» **Activity**: Produce the lines from the one containing "Sedia direzionale, caratterizzata" through the end of the material exactly as they appear, both ends included, and leave the pictures out.
===== Data segment
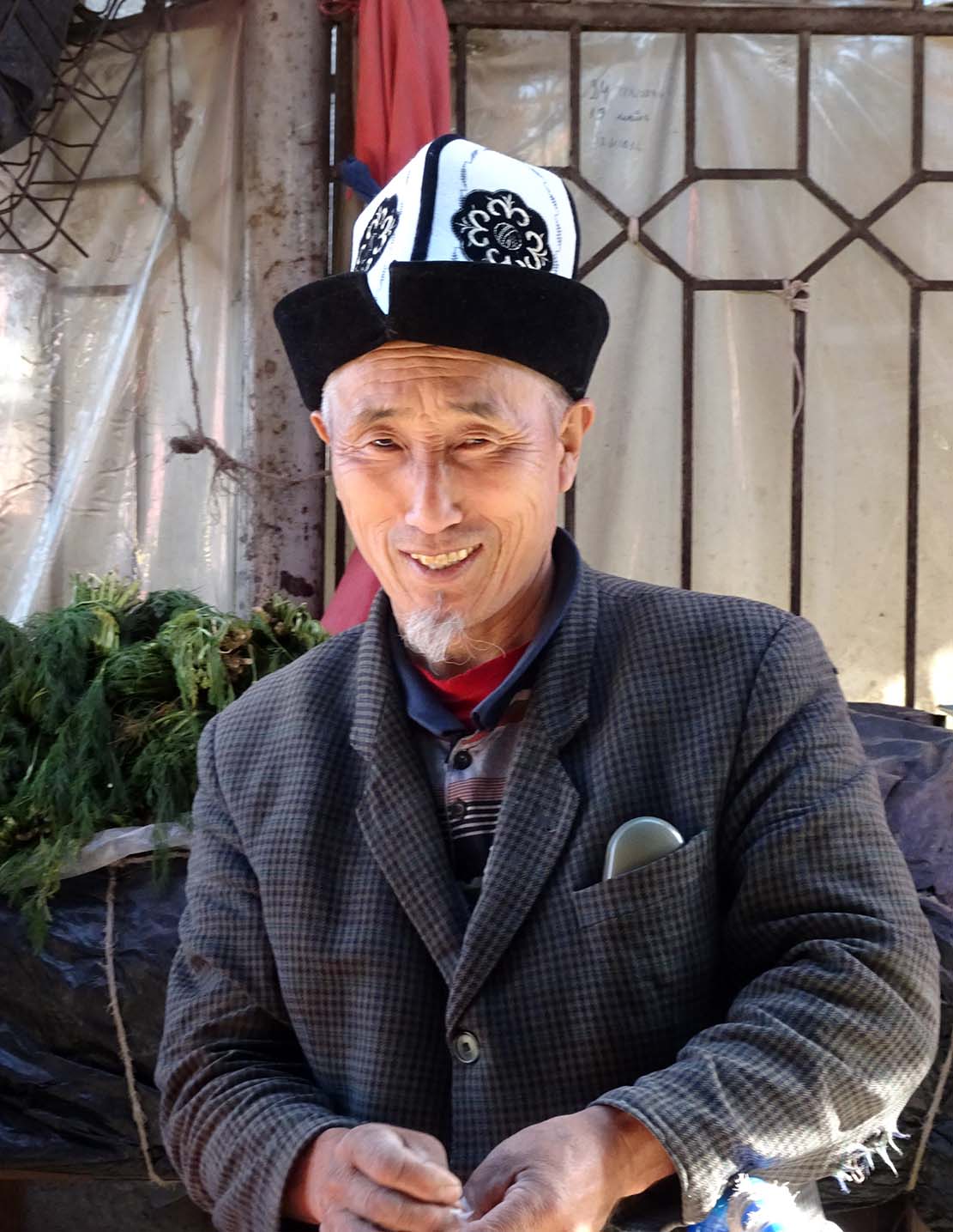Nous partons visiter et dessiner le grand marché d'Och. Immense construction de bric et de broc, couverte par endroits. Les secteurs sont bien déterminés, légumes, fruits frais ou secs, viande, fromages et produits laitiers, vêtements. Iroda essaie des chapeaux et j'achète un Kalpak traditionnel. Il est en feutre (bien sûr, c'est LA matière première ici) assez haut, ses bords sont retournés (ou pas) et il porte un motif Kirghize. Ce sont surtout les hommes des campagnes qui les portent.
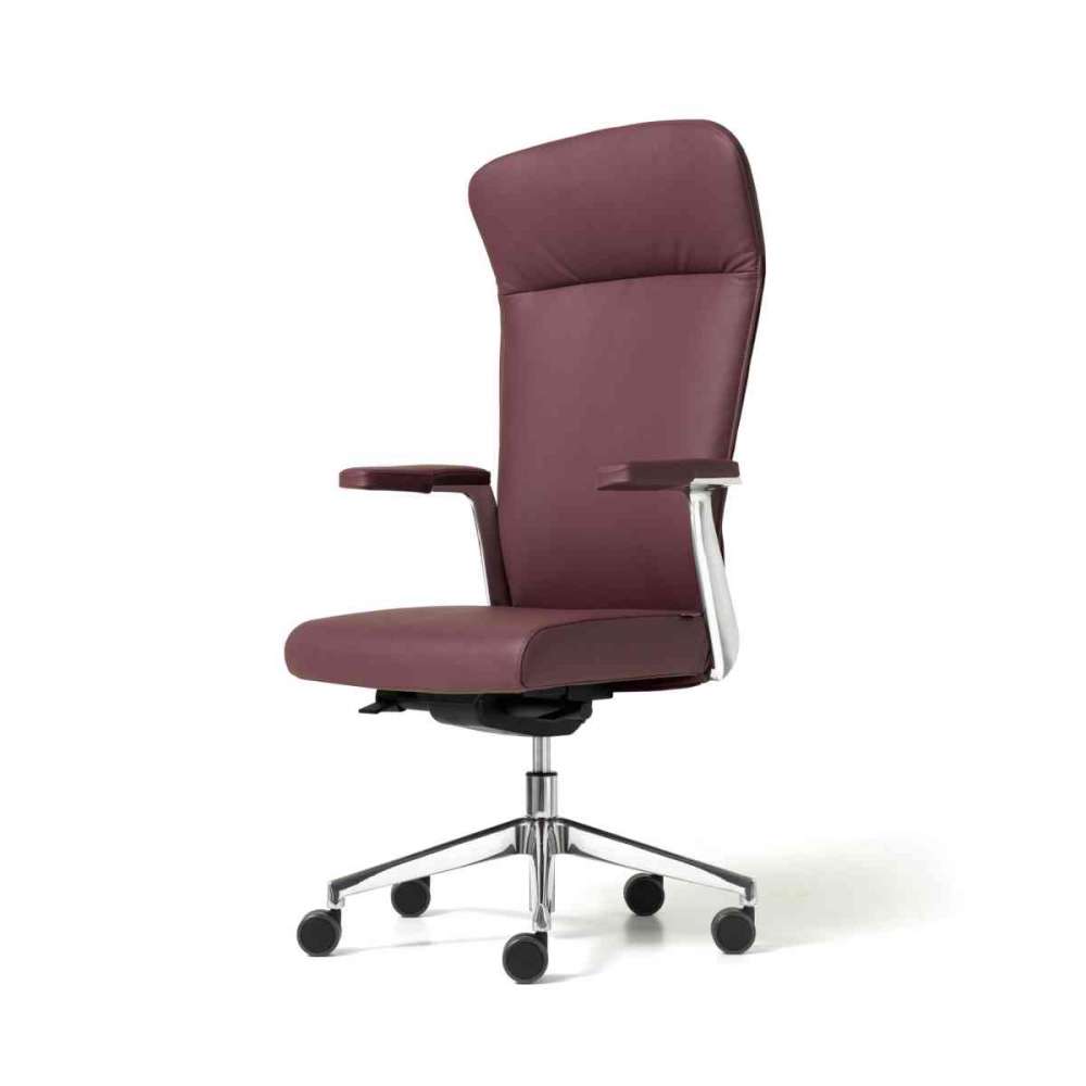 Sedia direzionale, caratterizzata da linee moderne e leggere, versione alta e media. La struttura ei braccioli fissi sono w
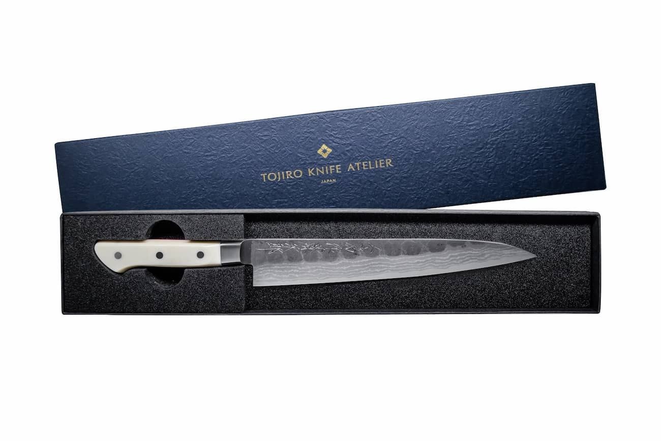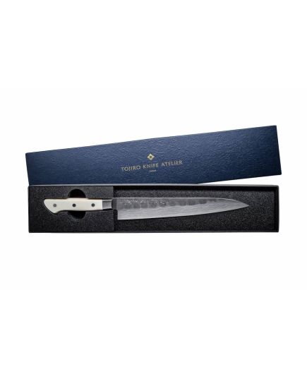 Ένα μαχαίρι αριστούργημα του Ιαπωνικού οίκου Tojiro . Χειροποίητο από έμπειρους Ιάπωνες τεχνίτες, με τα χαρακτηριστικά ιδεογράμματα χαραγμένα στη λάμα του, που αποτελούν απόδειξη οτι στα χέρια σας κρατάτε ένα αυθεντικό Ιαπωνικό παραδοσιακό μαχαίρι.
==========
» **Task output**:
 Sedia direzionale, caratterizzata da linee moderne e leggere, versione alta e media. La struttura ei braccioli fissi sono w
 Ένα μαχαίρι αριστούργημα του Ιαπωνικού οίκου Tojiro . Χειροποίητο από έμπειρους Ιάπωνες τεχνίτες, με τα χαρακτηριστικά ιδεογράμματα χαραγμένα στη λάμα του, που αποτελούν απόδειξη οτι στα χέρια σας κρατάτε ένα αυθεντικό Ιαπωνικό παραδοσιακό μαχαίρι.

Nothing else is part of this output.